R-Type is the series that says goodbye to everyone at a party twice

rtypefinal

R-Type Final (2004)

A performer needs to know when to bow out. There’s nothing worse than seeing an aged, washed-up athlete who just won’t admit it to themselves that they have reached ‘The End’. Their legs have gone, mentally they’re no longer that vital step or two ahead, they can no longer last the distance. No matter how prime an athlete they once were, time eventually caught up to them, as it always does. They just haven’t accepted that cruel fact yet.

It’s not just the sportspeople either – it seems all of show business suffers from a reluctance to accept that their day in the sun is long over. This has to be true, otherwise the Rolling Stones wouldn’t have embarked on their sixth Worldwide Farewell Tour. They even came to Ireland, for God’s sake. And as my grandad always observed, they only come here when they’re finished.

At least R-Type Final knew when to call it a day. As the name would obviously suggest, this was to be the last game in the R-Type series of horizontal space-shooter games. I’m sure there’s been a number of arcade ports since, and I think there was even some wayward R-Type Tactics game. But in terms of progressing the pulp space story and delivering a dedicated, no-nonsense shooter, this is the denouement of the series.

Or so I thought, when the fates conspired against me in the cruellest possible way. Alright, that’s a touch dramatic, but consider this – I wrote this piece a few months ago, before a new R-Type title was quietly announced. Its name? R-Type Final 2. You’re joking, aren’t you? How unlucky can I get?

The PS2 game has ‘Final’ in the title. And not in the same way that Final Fantasy became a running joke, because once Final Fantasy II came out you knew where you stood with that one. The in-game text for Final even made more than one reference to this being the last title. One of the ships was called ‘Curtain Call’, and another ‘Grand Finale’, for God’s sake. I suppose Final meant Final in the same way that Brexit means Brexit.

It’s a shame for the original Final (…) because I really got a kick out of them naming it like that. It’s a bit sad really that at the time, they thought this would be the end, but at least they made no bones about it. And now a sequel comes along and threatens to make R-Type Final look stupid. The devs just better hope the game turns out good, or I shall hunt them down and throw them into quicksand – your cards are marked.

The R-Type formula didn’t change much over the years. Maybe that was its downfall, but how much can you change a simple enough space shooter? You control an R-Type spaceship, which predictably can take a whopping one hit before disintegrating into so many pieces of space clag.

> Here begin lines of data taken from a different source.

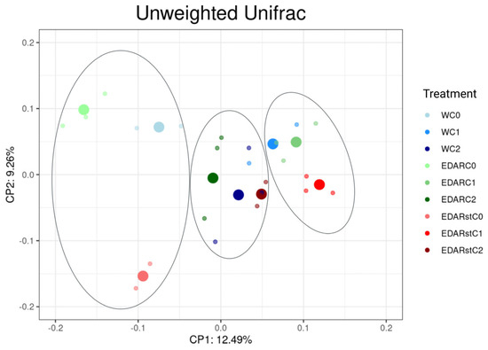 Figure 8 presents the taxonomic diversity results using the unweighted Unifrac metric. This statistic only considers the presence or absence of a given OTU in the analyzed community.
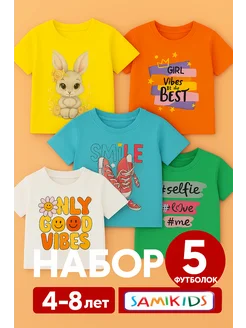 Набор детских футболок с принтом 5 шт
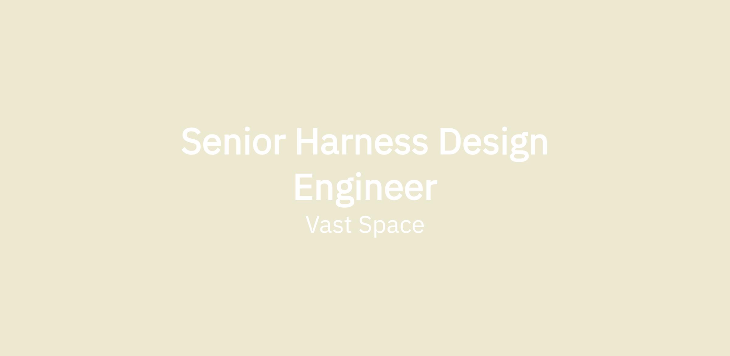 Vast is looking for a Senior Harness Design Engineer, reporting to the VP, Avionics, to support the development of the systems that will be required for the design and manufacturing of artificial-gravity human-rated space stations. This will be a full-time, exempt position located in our Long Beach location.
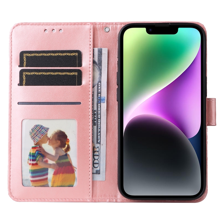 Funda de Teléfono iPhone 15 Cuero Estampado Girasol en Relieve (Rosa)
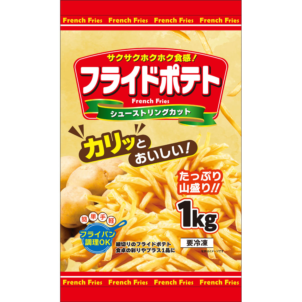 厳選したじゃがいもを軽く湯通ししたあとに、揚げてから急速冷凍しました。180℃の油で2~3分揚げていただくと、カリッとおいしいフライドポテトがお楽しみいただけます。フライパンで簡単に調理が可能! メイン料理の付け合わせや食卓の彩りとしてお使いください。
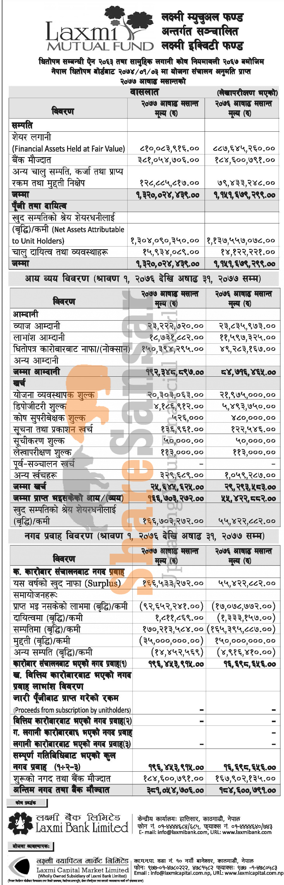 Laxmi Capital Market Limited has published its audited financial highlight (Laxmi Equity Fund) of the fiscal year 2076/77.

The unique selling point here is that you get a Force module, a little device that gives you additional firepower and which you can install at the front or rear of your ship or send it firing off into independent flight, destroying enemies on contact. The enemy is the Bydo, the hive-minded alien species intent on enslaving and/or destroying mankind. Aren’t they all?

But here’s Final’s hook – whereas in previous R-Type games, you usually only had one ship available, or even as many as four in R-Type Delta for PS1, here in Final you can go on to unlock a whopping 101 ships in total. Now that sounds incredible, and in a sense it is. But there’s only so many ways you can differentiate these ships, since they all serve the same purpose of shooty-shooty-bang-bang, whoops-I’m-dead-from-one-bullet type of setup, so it does get samey.

You’ll never get all of the ships, either. It’s an impossibility. Unlock requirements differ for each, and the in-game descriptions are left deliberately vague. Oftentimes you’ll need to log multiple hours of flight time in one particular ship to unlock its successor. Now, you can beat these kinds of shooter games in a half-hour, and that’s if you’re flawless, so making you use one ship for four hours is a fairly tedious requirement.

If you’re not flawless, and I assume this will apply to you unless you’re some sort of demi-god that can see through pixels, then you’ll be dying every second and you’ll never get that time built up. Just put in an invincibility cheat and leave the game running, if you’re that desperate. I did that plenty and I still only got 81 out of 101.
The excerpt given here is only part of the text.